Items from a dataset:
┏━━

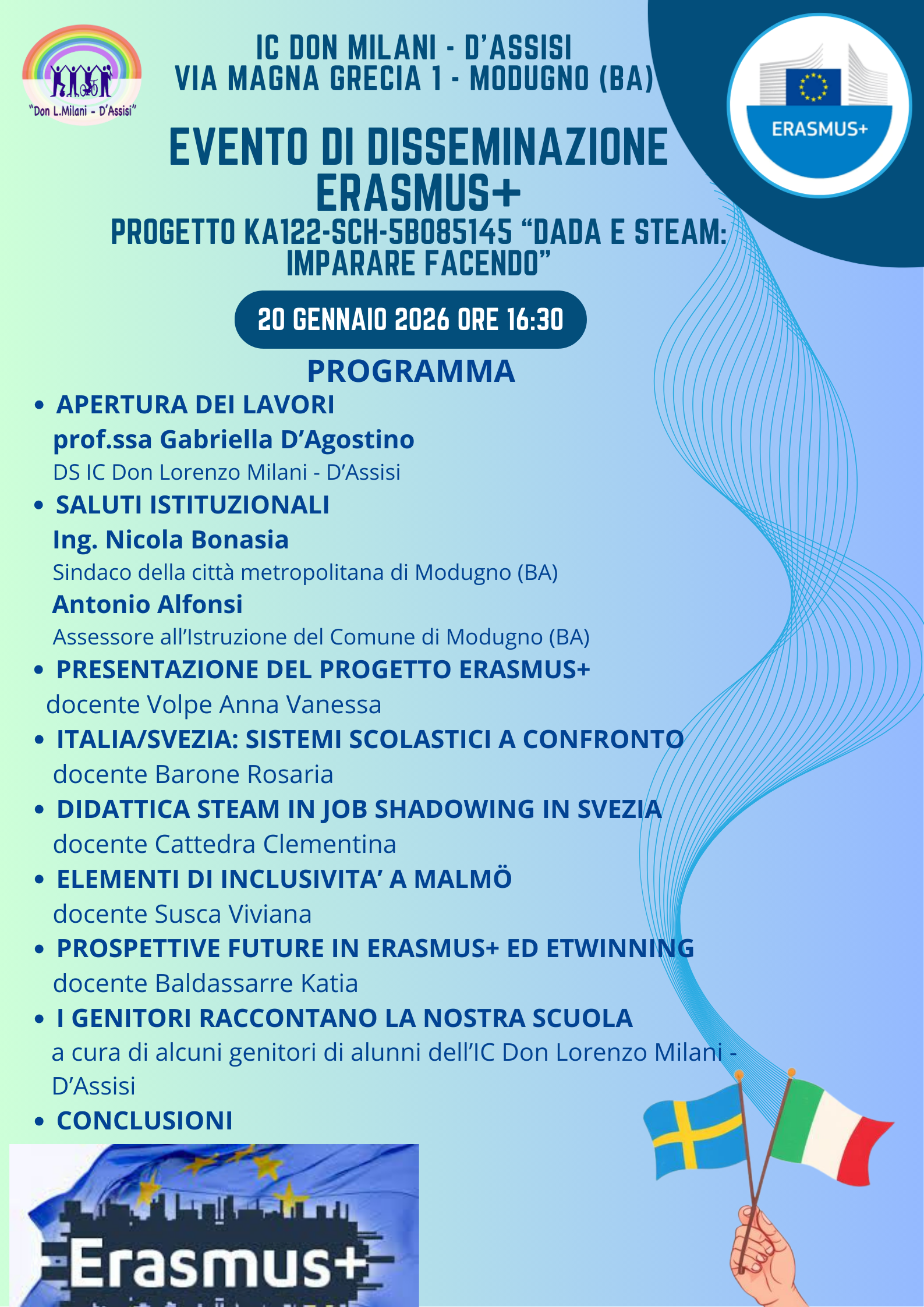 Martedi 20/01/2026 presso l'auditorium del plesso Don Milani, tutta la comunità scolastica è invitata a partecipare all'evento di disseminazione Erasmus+
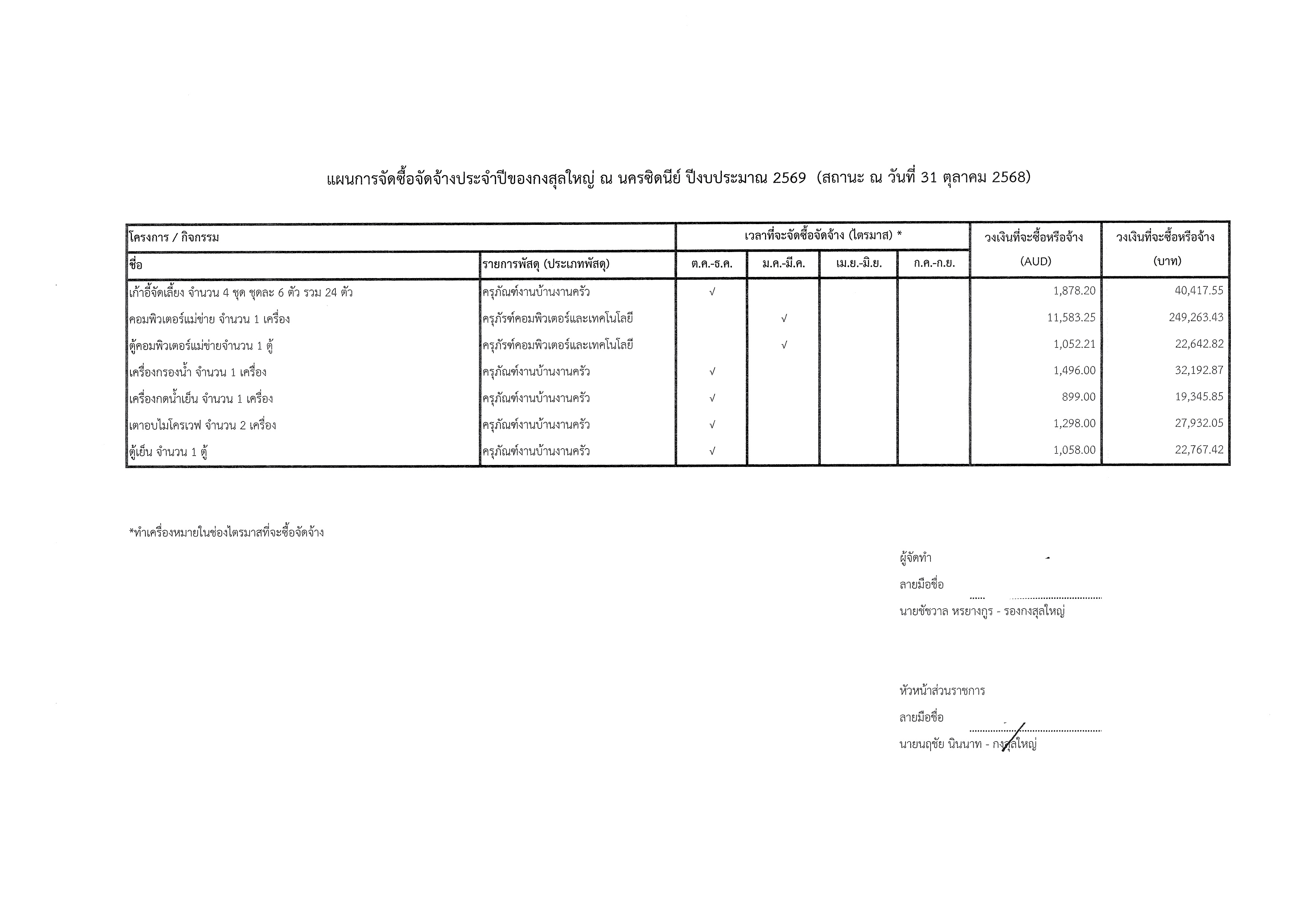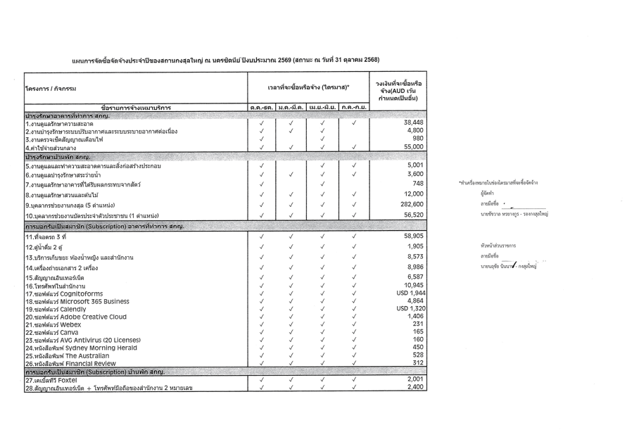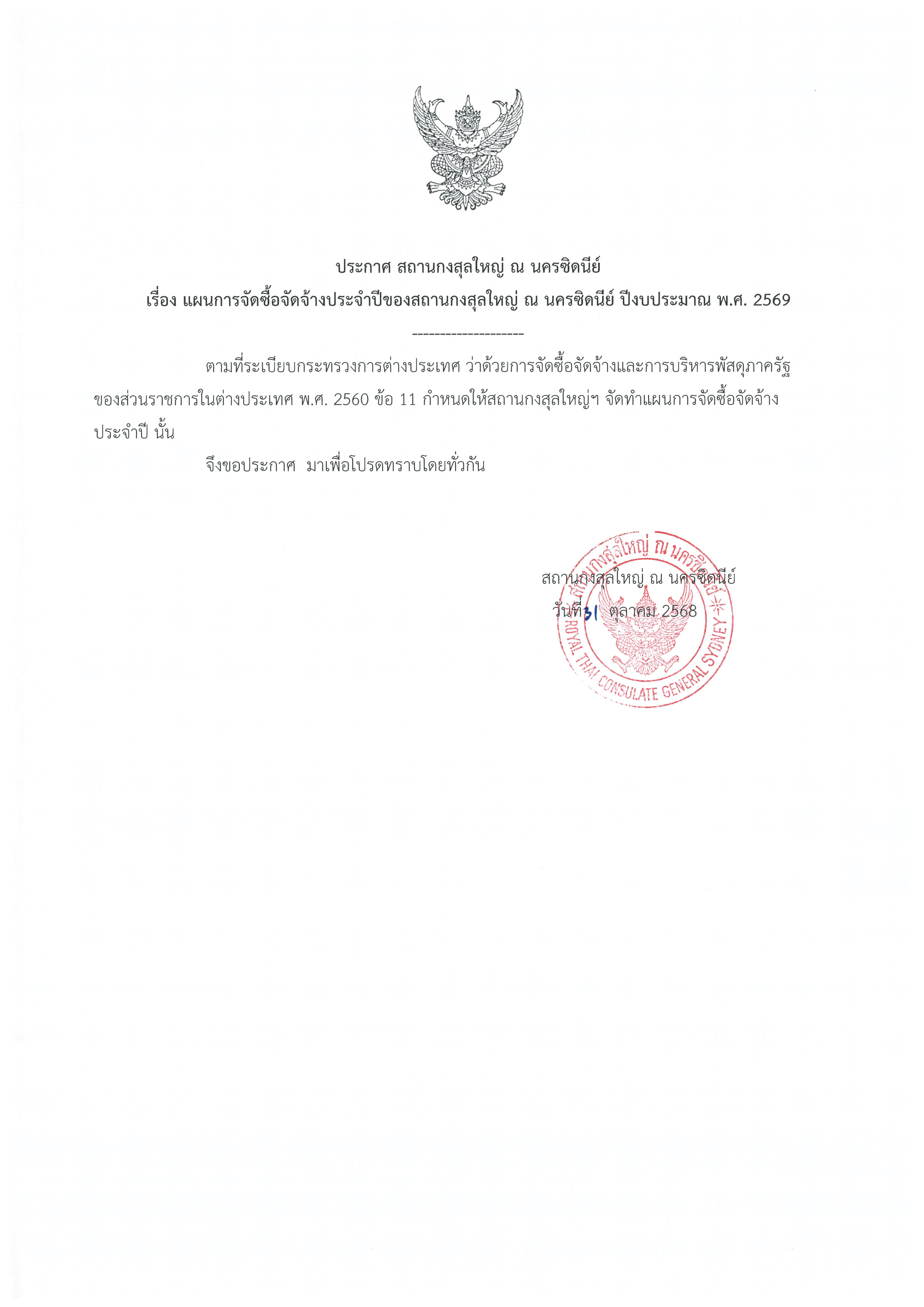 แผนการจัดซื้อจัดจ้างประจำปีของสถานกงสุลใหญ่ ณ นครซิดนีย์ ปีงบประมาณ พ.ศ. 2569
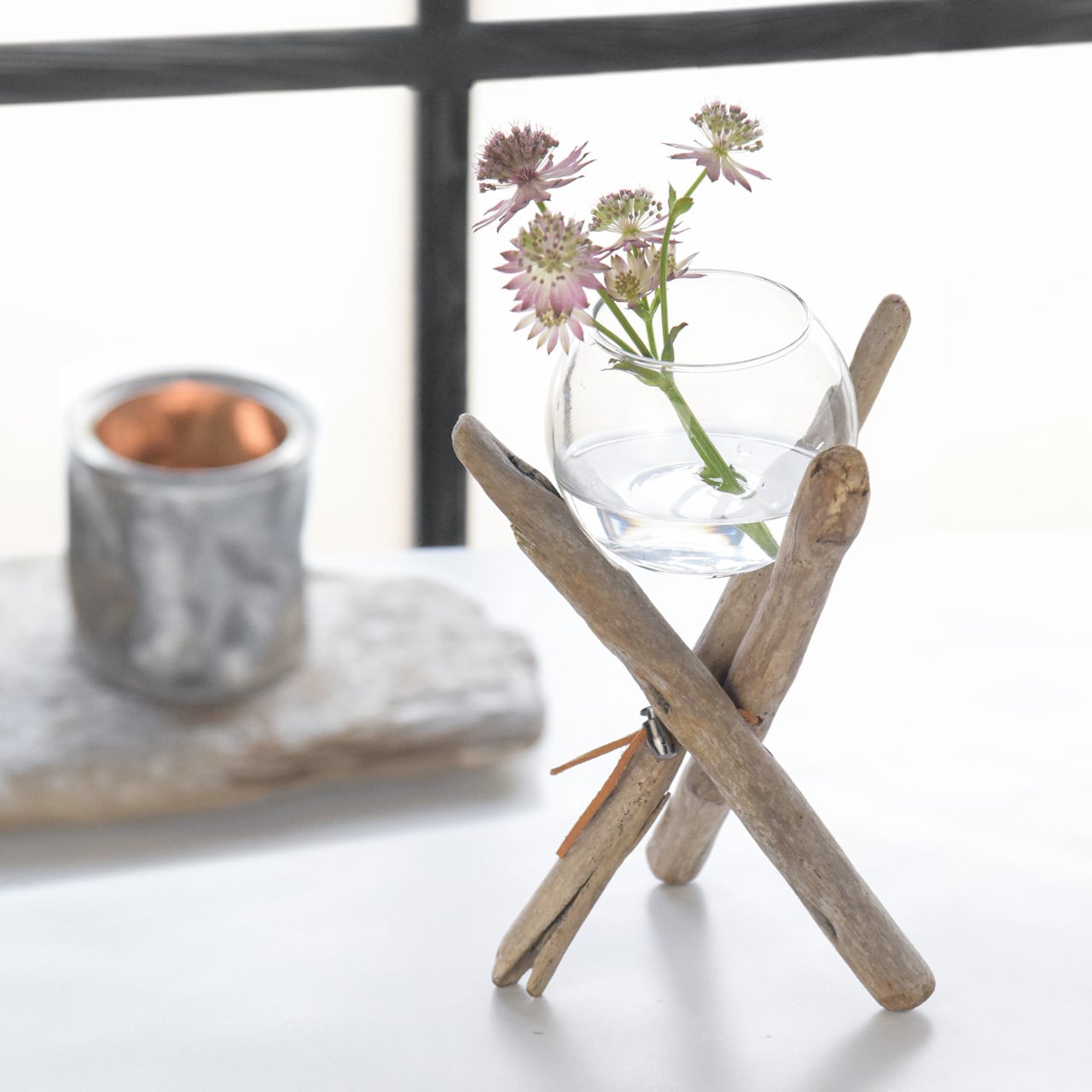 それぞれ単独でも使えるのでエアプランツやドライフラワーのスタンドとして、ガラスボールはキャンドルホルダーなどとしても利用出来ます。
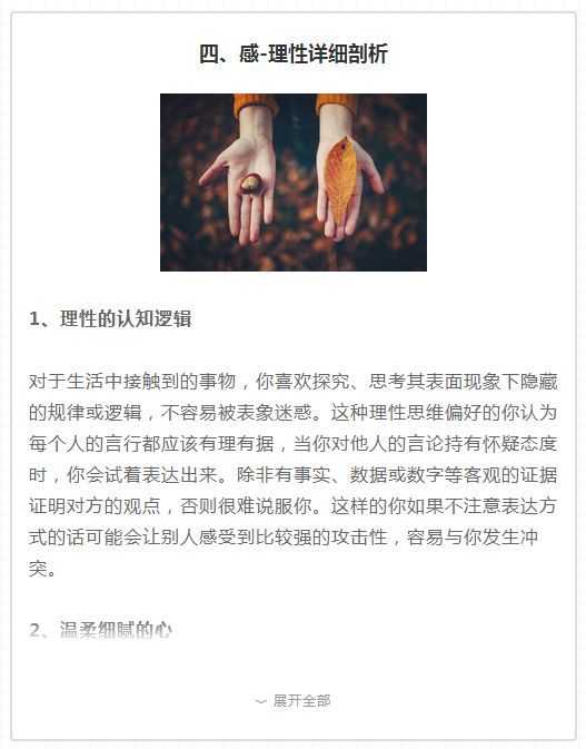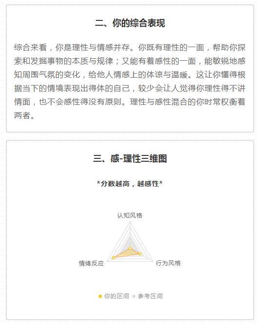 ※本次测评将从认知风格、情绪反应、行为风格三方面来综合评估你感性-理性的程度,并根据你的结果,提供协调两者的建议,帮助你成为一个感性与理性并重的人。
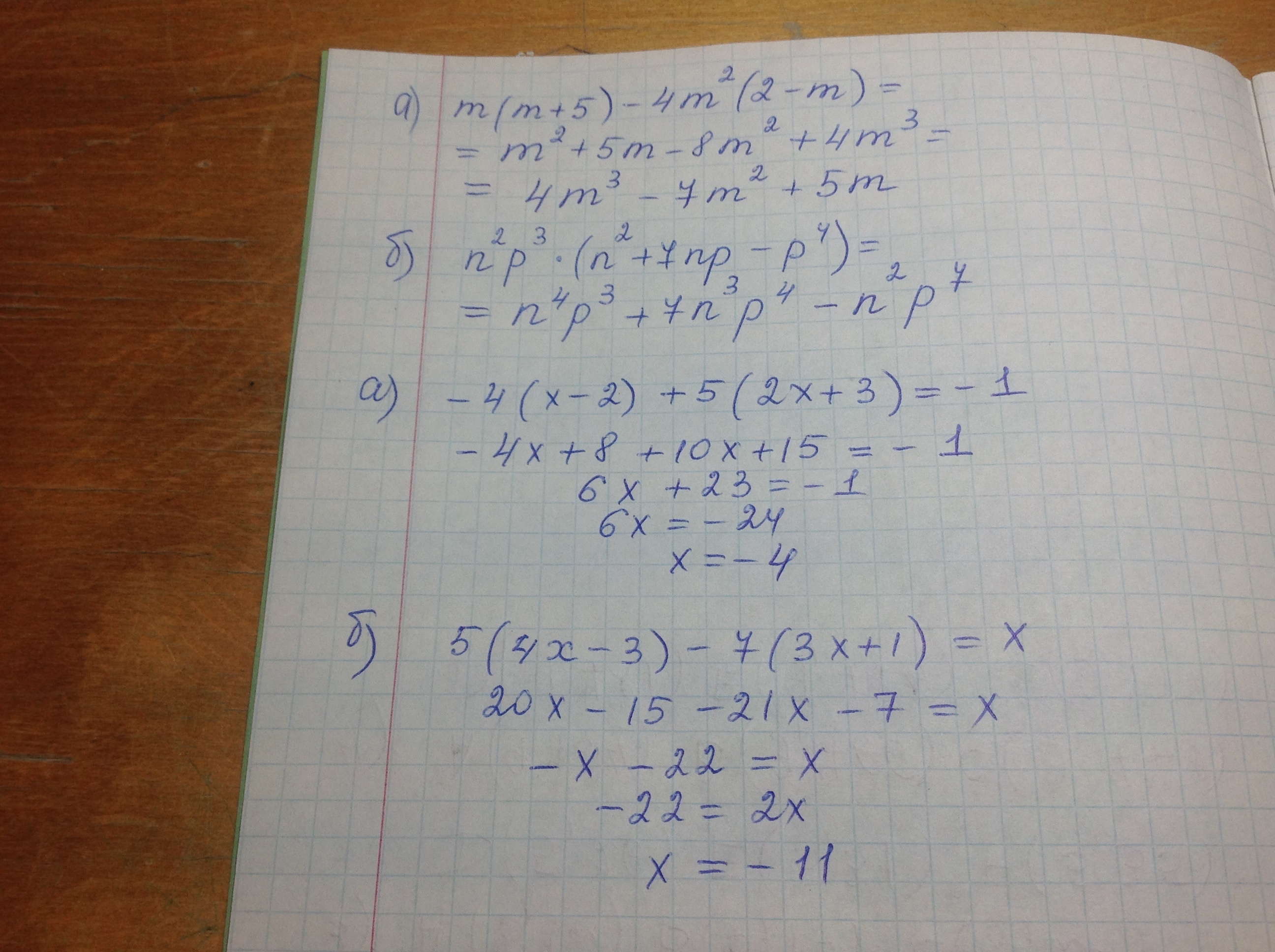 1)Выполните действия: a) m*(m+5)-4m^2*(2-m)

┗━━

* [Exercise requirements] Repeat all entries exactly, pictures excluded.

* [Result of the task]
 Martedi 20/01/2026 presso l'auditorium del plesso Don Milani, tutta la comunità scolastica è invitata a partecipare all'evento di disseminazione Erasmus+
 แผนการจัดซื้อจัดจ้างประจำปีของสถานกงสุลใหญ่ ณ นครซิดนีย์ ปีงบประมาณ พ.ศ. 2569
 それぞれ単独でも使えるのでエアプランツやドライフラワーのスタンドとして、ガラスボールはキャンドルホルダーなどとしても利用出来ます。
 ※本次测评将从认知风格、情绪反应、行为风格三方面来综合评估你感性-理性的程度,并根据你的结果,提供协调两者的建议,帮助你成为一个感性与理性并重的人。
 1)Выполните действия: a) m*(m+5)-4m^2*(2-m)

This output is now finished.